Back when I began working at Market Umbrella, our founder, Richard McCarthy gave me the names of a few people that he held in high esteem on market issues that I might check in with regularly. Interestingly, many of these folks led the “town square” phase of markets that Market Umbrella belongs with as well (eras that some of you have heard me talk about over the years.) Some of those names include:
Donita Anderson North Union Farmers Market, Cleveland OH
Chris Curtis, Seattle Neighborhood Farmers Markets, Seattle WA
Pam Roy (Farm to Table New Mexico)
Greenmarket NYC (many, many staff on that list. back then, Gabrielle Langholtz and Kelly Verel nee Williams, now of PPS, come to mind.)
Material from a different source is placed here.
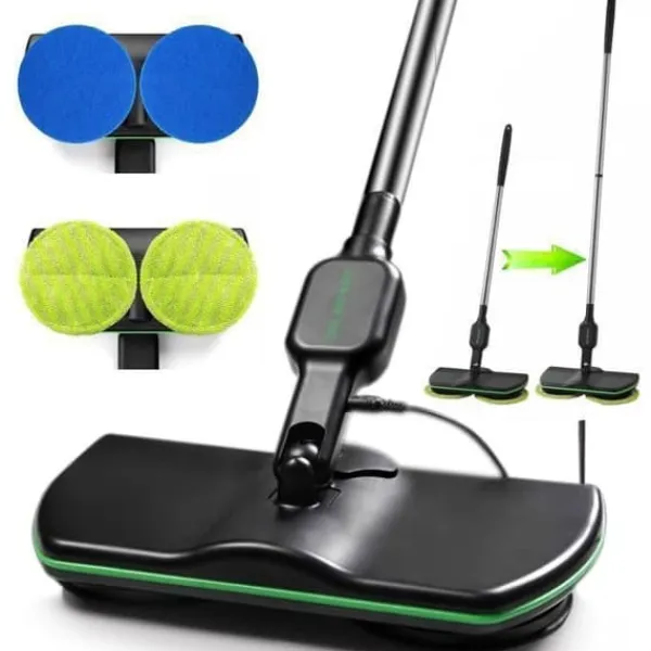 Sladdlös uppladdningsbar elektrisk kvast, elektrisk roterande, automatisk dammsugare, intelligent golvrengöringsmaskin | 180 graders rotation utan blinda fläckar: Sladdlös design, 180 graders rotation utan blinda fläckar, soffa, sängunderlag, möbelunderlag kan rengöras fritt. | Litiumbatteri med hög kapacitet: Litiumbatteri med hög kapacitet på 2000mAH, 50 minuters drifttid, 4 timmars laddningstid. | Tyst motor: Tyst, säker och stabil motor för långvarig användning. | Spara tid och arbete: Fotbrytare, aktivering med ett klick för rengöring, automatisk rotation av trasan, sparar tid och arbete. Byt ut när du vill: Konfigurera rengöringsdukarna och vaxdukarna när de är smutsiga. Rengör i hörnet, minskar effektivt mängden damm. Humaniserad låsdesign för att förhindra att produkten oavsiktligt berörs under arbetet och stänger av och slutar arbeta. | Tunnt handtag: Handtagets tjocklek är endast 7 cm, vilket sparar tid och ansträngning för en dödlig fri rengöring och löser enkelt problemet med att rengöra botten av soffor och sängar. | Övriga funktioner: Material: ABS + litiumbatteri + rostfritt stål – Vikt: ca 1,6 kg – Stolpens storlek: 106,5 cm – Produktens totala längd: 1,5 cm – Stolpe: 106,5 cm – Stolpe: 106,5 cm – Stolpe: 106,5 cm – Stolpe: 106,5 cm: 130 cm – Färg: Svart – Förpackningslista: 1x mopp 4x mikrofiberkuddar 4x kuddar, 1x laddningsadapter

NY leaders Diane Eggert and Bob Lewis
Massachusetts leader Jeff Cole
and two he always spoke of with great affection: Bernie Prince and Ann Yonkers at Fresh Farm in DC. I met Ann first at a Dallas TX farmers market meeting where we were both invited to speak. Ann was (and is) a woman of great style and well-formed opinions and those qualities along with her belief in markets and food systems led the energy in that room and, I am sure many others. Every time I came to DC, she and Bernie took the time out of their incredibly busy schedules to sit and talk with me. I remember once driving around MD and DC with Ann as she generously showed me her markets and we talked of mobile markets, organic farming and market logistics for most of the afternoon. In many ways, she always reminded me of Richard-both lead with their charisma and their strength of character but can also discourse on dozens of subjects easily. You leave their presence with clarity of purpose and gratitude to have leaders like this around.
On to Bernie…I didn’t know her as well in those early days, but then I began to talk more with her when she joined the Farmers Market Coalition board (and ultimately led it as its President) during its transition from its founding board and then the transition from its founding Executive Director through its present days of more staff and more advocacy. Slowly, I realized that she was a indefatigable worker and a champion strategist who would always take the time to share what she knew with her peers when asked. Whenever I visited her markets, she was picking up trash or chalking a kids game on the ground or most of the time, introducing people to a vendor through a very detailed and empathetic outline of their business history, both in and out of the market. Then, we’d often have a chat about plans she and Ann had to add markets or to raise funds or to build capacity and I’d leave sort of stunned by what they had and would continue to accomplish. I have had the privilege of hearing Bernie present more than a few times over the years and have always enjoyed basking in her energy and passion during the talk and then watching her afterwards with the newer market leaders who crowd around her, soaking up her advice and support. Her warmth and her great joy are so part of her regular personality that as soon as I just hear her voice, my mood is elevated.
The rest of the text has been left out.